What you will do:
A verbatim reproduction of the lines below, from the line containing "MOP y vocera" through the line containing "一候鹖鴠不鳴;二候虎始交;三候荔挺出。", both ends included, is the whole required output.
+++ Records supplied +++
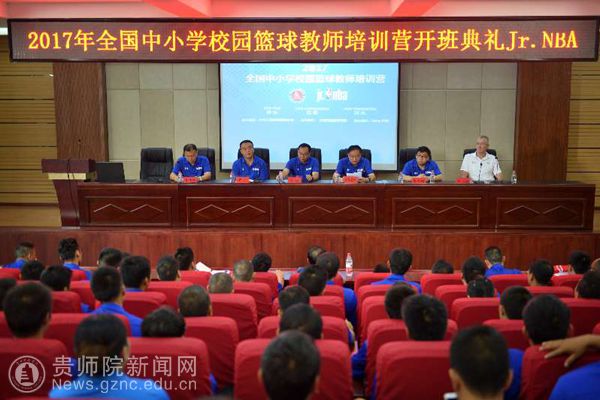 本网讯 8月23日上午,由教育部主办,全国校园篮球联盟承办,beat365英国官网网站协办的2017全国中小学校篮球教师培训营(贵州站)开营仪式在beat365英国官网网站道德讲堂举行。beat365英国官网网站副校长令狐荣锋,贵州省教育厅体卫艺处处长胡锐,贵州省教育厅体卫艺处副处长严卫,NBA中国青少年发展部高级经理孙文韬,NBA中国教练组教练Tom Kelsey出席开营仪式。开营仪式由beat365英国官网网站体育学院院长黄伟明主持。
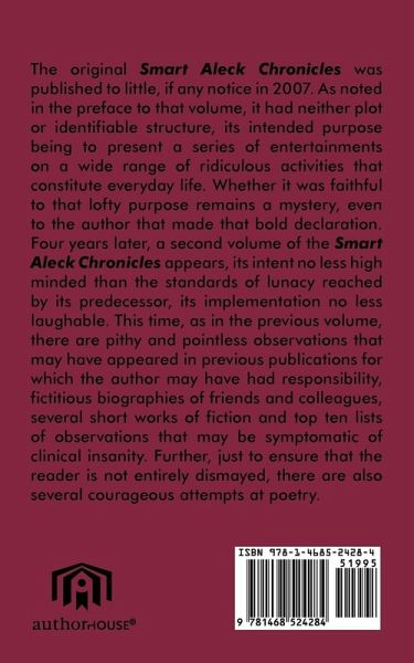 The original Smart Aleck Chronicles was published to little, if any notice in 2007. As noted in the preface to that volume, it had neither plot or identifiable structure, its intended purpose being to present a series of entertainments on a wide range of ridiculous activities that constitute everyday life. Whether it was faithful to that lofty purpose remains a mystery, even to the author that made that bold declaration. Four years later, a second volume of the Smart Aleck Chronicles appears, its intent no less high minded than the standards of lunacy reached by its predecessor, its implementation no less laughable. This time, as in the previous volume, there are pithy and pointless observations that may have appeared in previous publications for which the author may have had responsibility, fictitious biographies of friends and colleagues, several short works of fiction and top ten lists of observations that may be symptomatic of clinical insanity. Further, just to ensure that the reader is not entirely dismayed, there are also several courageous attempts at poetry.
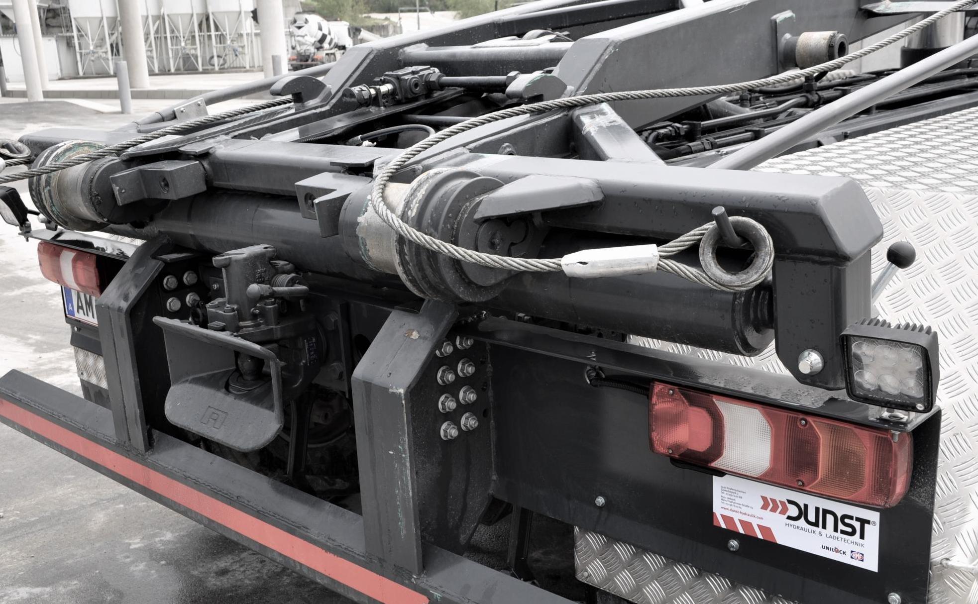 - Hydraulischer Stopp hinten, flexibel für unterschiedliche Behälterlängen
+++
+++ Records supplied +++
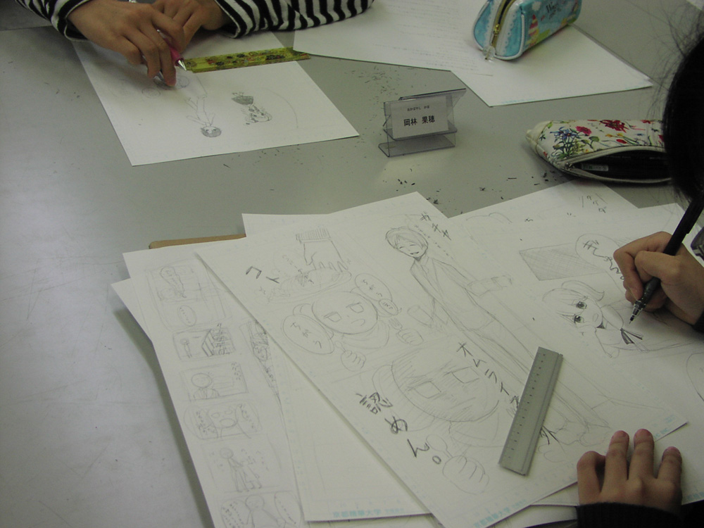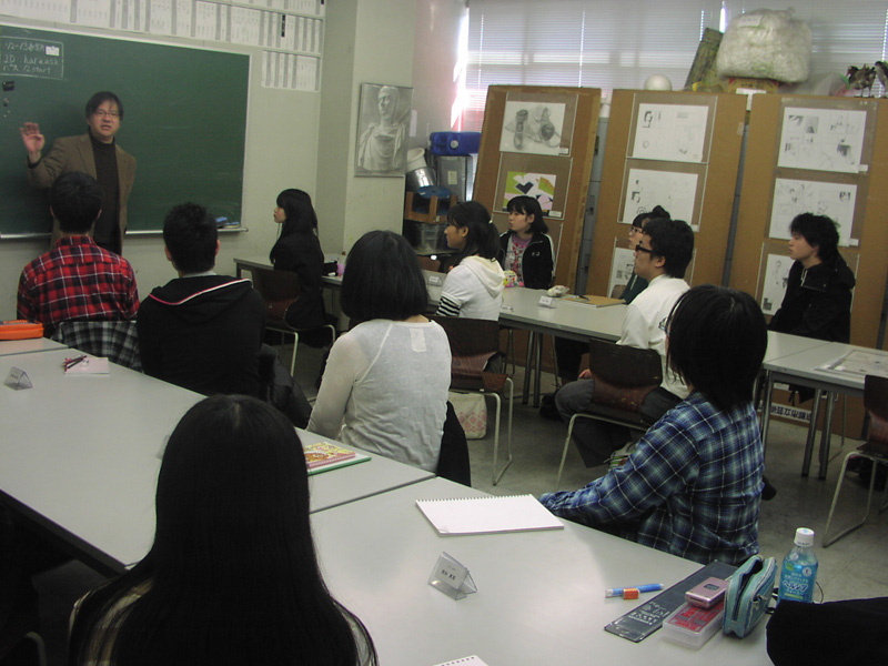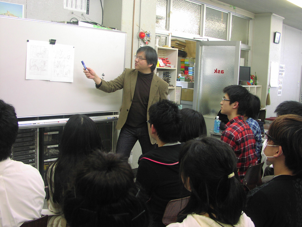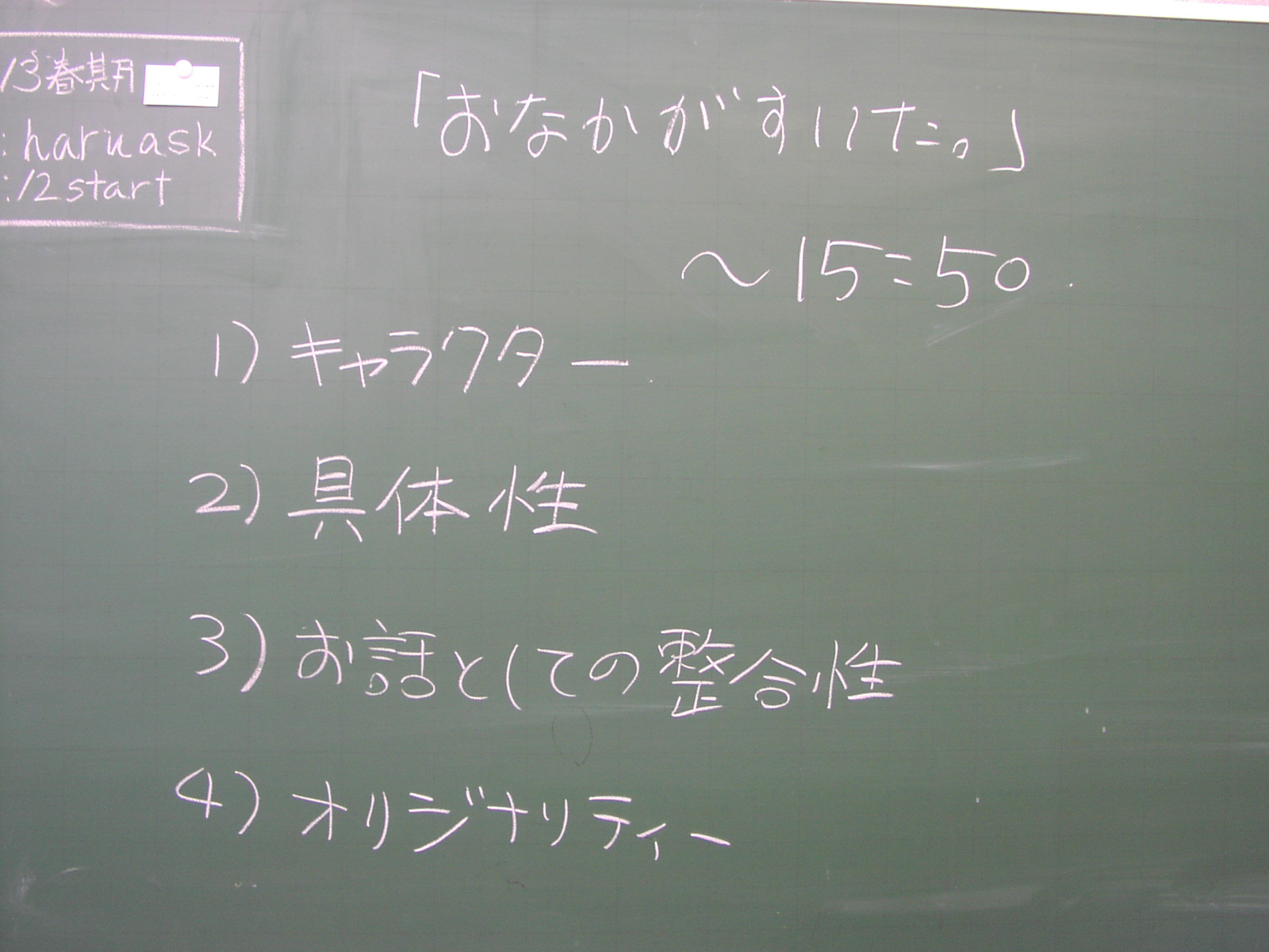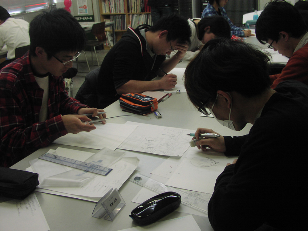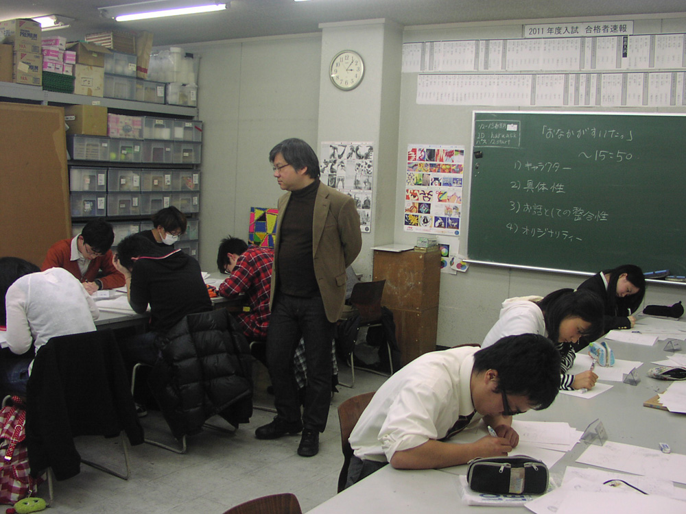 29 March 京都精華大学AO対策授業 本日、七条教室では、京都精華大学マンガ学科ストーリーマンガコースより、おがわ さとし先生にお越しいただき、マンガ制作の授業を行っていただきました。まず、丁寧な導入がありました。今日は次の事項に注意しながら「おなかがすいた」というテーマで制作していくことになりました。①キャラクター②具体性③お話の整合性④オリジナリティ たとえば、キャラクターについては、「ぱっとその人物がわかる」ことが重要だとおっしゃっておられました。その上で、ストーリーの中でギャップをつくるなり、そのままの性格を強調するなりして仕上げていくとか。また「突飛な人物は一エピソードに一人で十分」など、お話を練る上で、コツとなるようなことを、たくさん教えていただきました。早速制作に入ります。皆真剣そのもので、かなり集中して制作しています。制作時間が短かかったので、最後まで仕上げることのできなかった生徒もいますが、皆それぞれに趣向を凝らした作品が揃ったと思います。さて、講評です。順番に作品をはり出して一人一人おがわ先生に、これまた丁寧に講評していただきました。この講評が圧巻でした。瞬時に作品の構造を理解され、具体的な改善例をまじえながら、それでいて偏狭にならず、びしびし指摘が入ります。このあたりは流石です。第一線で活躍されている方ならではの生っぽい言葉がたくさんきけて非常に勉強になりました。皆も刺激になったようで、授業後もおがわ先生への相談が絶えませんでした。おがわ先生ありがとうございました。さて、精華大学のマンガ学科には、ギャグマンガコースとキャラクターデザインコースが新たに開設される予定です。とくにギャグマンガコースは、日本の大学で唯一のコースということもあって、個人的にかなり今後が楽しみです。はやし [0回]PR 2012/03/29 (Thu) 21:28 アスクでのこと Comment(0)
+++
+++ Records supplied +++
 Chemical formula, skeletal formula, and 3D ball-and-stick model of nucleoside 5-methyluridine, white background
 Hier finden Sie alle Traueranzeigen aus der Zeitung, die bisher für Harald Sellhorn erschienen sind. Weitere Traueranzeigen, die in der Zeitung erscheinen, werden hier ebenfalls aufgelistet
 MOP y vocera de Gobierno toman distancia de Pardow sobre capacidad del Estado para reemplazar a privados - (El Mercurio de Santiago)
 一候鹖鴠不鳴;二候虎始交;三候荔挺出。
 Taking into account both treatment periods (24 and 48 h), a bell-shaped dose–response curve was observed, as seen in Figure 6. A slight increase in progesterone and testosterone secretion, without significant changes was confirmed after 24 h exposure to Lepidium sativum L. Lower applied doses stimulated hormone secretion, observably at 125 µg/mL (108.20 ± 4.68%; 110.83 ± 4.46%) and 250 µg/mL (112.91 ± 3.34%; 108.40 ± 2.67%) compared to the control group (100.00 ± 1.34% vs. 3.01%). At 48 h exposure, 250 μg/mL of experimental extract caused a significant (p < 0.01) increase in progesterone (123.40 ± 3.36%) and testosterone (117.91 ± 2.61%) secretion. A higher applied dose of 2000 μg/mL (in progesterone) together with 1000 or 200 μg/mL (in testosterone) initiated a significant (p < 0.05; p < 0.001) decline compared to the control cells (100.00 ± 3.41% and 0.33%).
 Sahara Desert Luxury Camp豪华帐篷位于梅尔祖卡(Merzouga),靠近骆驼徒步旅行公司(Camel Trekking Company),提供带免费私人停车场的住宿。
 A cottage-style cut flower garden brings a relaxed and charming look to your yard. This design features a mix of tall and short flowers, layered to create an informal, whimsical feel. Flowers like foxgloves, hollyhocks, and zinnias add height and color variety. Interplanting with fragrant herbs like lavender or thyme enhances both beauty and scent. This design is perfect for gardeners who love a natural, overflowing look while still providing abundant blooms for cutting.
+++
Answer to this problem:
 MOP y vocera de Gobierno toman distancia de Pardow sobre capacidad del Estado para reemplazar a privados - (El Mercurio de Santiago)
 一候鹖鴠不鳴;二候虎始交;三候荔挺出。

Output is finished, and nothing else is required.